Stack Overflow’s New License Deal With OpenAI Sparks Criticism Amid Rise In AI Plagiarism

Stack Overflow has recently announced a new licensing deal with tech giant OpenAI but the news is not making its contributors happy.

Many are furious as the rise in AI plagiarism continues to dampen their chances of attaining credit for their content as they become the latest crowd to join the bandwagon of writers and creators who feel betrayed on this front.

The deal means the makers of ChatGPT will attain full access to the vast amount of tech data posted across this famous forum. As per the latest argument mentioned this past week, the company will link to Overflow’s API to display content across responses generated from ChatGPT and then use such content for training AI models.

The news arises after another very controversial matter including how Stack Overflow fired staff in a huge amount due to a major threat that chatbots were facing. As reported previously, this is not being taken on well by those who work relentlessly to generate original content but are stripped of ownership rights in seconds.

Not only do some feel cheated or violated but very betrayed and exploited. A discussion was gathered on this front in a thread where one employee raised the concern of how ethics and morals went out the window and how it’s getting very damaging on an emotional front.

The fact that machines were exploiting humans constantly while many would expect the opposite is really an eye-opener.

Moreover, some contributors mentioned how APIs are getting bombarded with criticism and even protest messages across content that they generated so it cannot be reused.

The fact that the AI giant has been benefitting on this front for a while now while others suffer in silence is really a matter of concern but those who opt to raise their voice are being silenced with account suspension and warnings generated in their direction.
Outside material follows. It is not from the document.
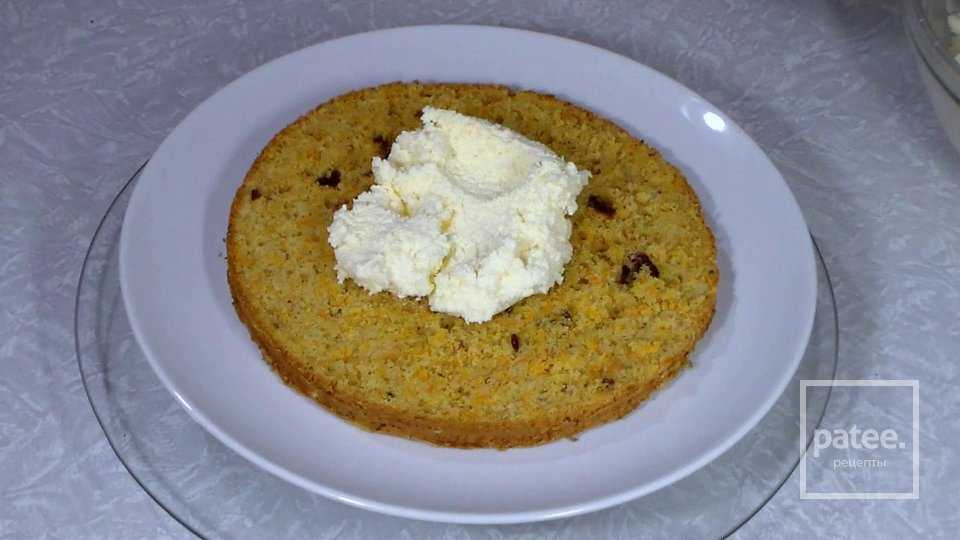 Соберите морковный торт: на блюдо выложите один корж и покройте его слоем сливочного крема. Далее выложите второй корж и также покройте его кремом.

And the more people are raising their voices, the more they are being silenced and told not to with jobs on the line. Now, those working in the EU wonder if any data protection laws in place like the GDPR could assist them on this front and exclusive content from getting passed to the ChatGPT makers in the first place.
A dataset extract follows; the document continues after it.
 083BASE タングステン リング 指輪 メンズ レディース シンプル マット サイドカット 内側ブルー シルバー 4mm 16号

But OpenAI refuses to remain silent on this front and vows to link back each post. However, the fact that its popular AI chatbot has a poor history of doing so has concerns running high. We even saw OpenAI do something along that front to better the deal for the long list of content licensing deals that entailed big publications such as The Financial Times.

Seeing how those changes were solely linked to models of ChatGPT with paid subscriptions was another shock to some as the free variant doesn’t provide any sources until and unless users in particular generate an explicit request.

Contributors from Stack Overflow also ask how such deals communicate more with licensing laws such as Creative Commons where all such posts by Stack Overflow fall and anyone using it must delineate the source with credit to the creators.

While the terms of service from the document belonging to Stack Overflow do acknowledge such protections and safeguards, contributors are speaking about how often they are willing to give up some rights regarding such content.

This means saying hello to the rights of processing, printing, exporting, accessing, using, copying, and commercial exploitation of materials they generate.

As explained by one critic, what more can one expect from platforms working with a centralized theme? It’s designed to monetize all material without giving it a second thought. So as you can see, various schools of thought do exist.